Louis Scarpati directed this romantic comedy-drama as a frankly period piece, with a set split between the apartments of George and Jennie featuring a rotary phone, typewriter and ‘70s songs (including one of Billy Joel’s earliest, “Great Suburban Showdown”). Taking this all in, I was afraid the script would seem dated.

But the only jokes that flopped related more to geography than to time. Blonde bimbos, for instance, such as the one Leo sets George up with on a previous occasion, have never faded from the scene since Jean Harlow took Hollywood by storm, and they’re just as reliable for laughs. (“I should never have introduced you to Bambi,” Leo exclaims ruefully at one point. “After Bambi you were ready for anything.”)

But strangely, the audience didn’t know how to react to New York jokes. I’m sure, for instance, that an opening-scene gag, about the desirability of parking space in the Big Apple, would bring the house down in any Broadway revival. Across the Hudson, it sank like a carp weighed down with toxic chemicals—and this despite the presence of many in the audience who either work in New York, have visited relatives there, or even lived there themselves.

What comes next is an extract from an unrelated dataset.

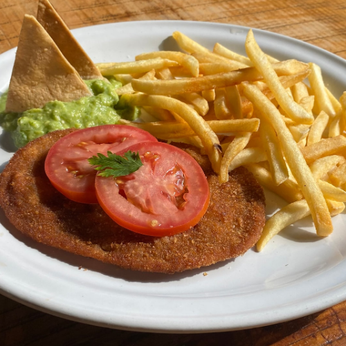 Deliciosa milanesa de amaranto vegana acompañada con guacamole de la casa y papas a la francesa.

Nevertheless, Scarpati used an excellent cast to best effect. I have already mentioned the fine work of Brian Parks as George, but matching him is the director’s wife, Andrea Prendamano, playing Jennie. George may be the moved character, but Jennie is the one with what F. Scott Fitzgerald called “an extraordinary gift for hope, a romantic readiness,” and with every wry line reading and sparkle in her eyes, Prendamano made listeners understand how Jennie manages to administer emotional CPR to George. Most important, she shows us someone ready, when the going gets toughest, to fight to save her marriage—and to save George from a second spiritual death. Their interplay—whether in the hilarious phone sequence in which, in effect, they “meet cute”—to the denouement, in which George and Jennie confront the most painful facts about how much they can give to each other emotionally—was superb.

The actors playing the two sidekicks are equally adept. As Leo, David Russo might have the trickiest role in the play: a seemingly glib press agent with unexpected depths of concern for his brother. He was at the center of the play’s most farcical scene—an attempted seduction—and its most poignant—a long, shattering description to Jennie about George’s emotional devastation after Barbara’s death. Remarkably, he delivered equally well in each.

I first noticed this play because of a Bergen Record feature on the actress playing Faye, Nancy Malleo. With her throaty laugh, the tall blonde commanded the stage with aplomb, exuding Faye’s been-there-done-that aura effortlessly. She and her fellow members of "The Company" left me eager to hear about what their follow-up will be to their sharp and moving "Chapter Two."